Data excerpt:
== Segment start ==
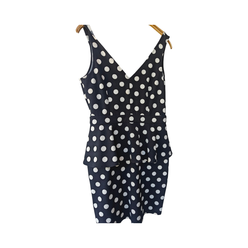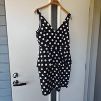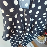 Musta valkopilkullinen mekko. Käytetty 1-2 kertaa. Menee m/l.
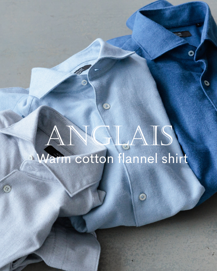 柔らかなコットンフランネルは、タテヨコの色選びから糸の太さ、ウエイト、起毛感に至る細部まで吟味して仕上げた《アングレー》オリジナルファブリックです。
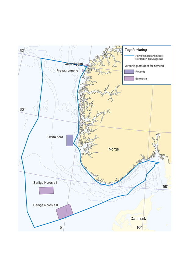 Etter en helhetlig vurdering har NVE anbefalt å prioritere åpning av totalt fem områder i norske havområder, hvorav fire av områdene ligger i Nordsjøen (figur 4.11). Dette er områdene Frøyagrunnene, Utsira Nord og Sørlige Nordsjø I og II. Statnett vurderer at bare ett av de to områdene Sørlige Nordsjø I og II kan knyttes til nettet innen 2025. NVE mener at disse fire områdene i Nordsjøen skiller seg ut som områder med svært gode teknisk-økonomiske forhold og de samlede konsekvenser for miljøet og andre næringer er vurdert som akseptable.
== Segment end ==
Directions:
Pictures stay out. Print the data exactly, from its first line through the line containing "柔らかなコットンフランネルは".

The answer:
 Musta valkopilkullinen mekko. Käytetty 1-2 kertaa. Menee m/l.
 柔らかなコットンフランネルは、タテヨコの色選びから糸の太さ、ウエイト、起毛感に至る細部まで吟味して仕上げた《アングレー》オリジナルファブリックです。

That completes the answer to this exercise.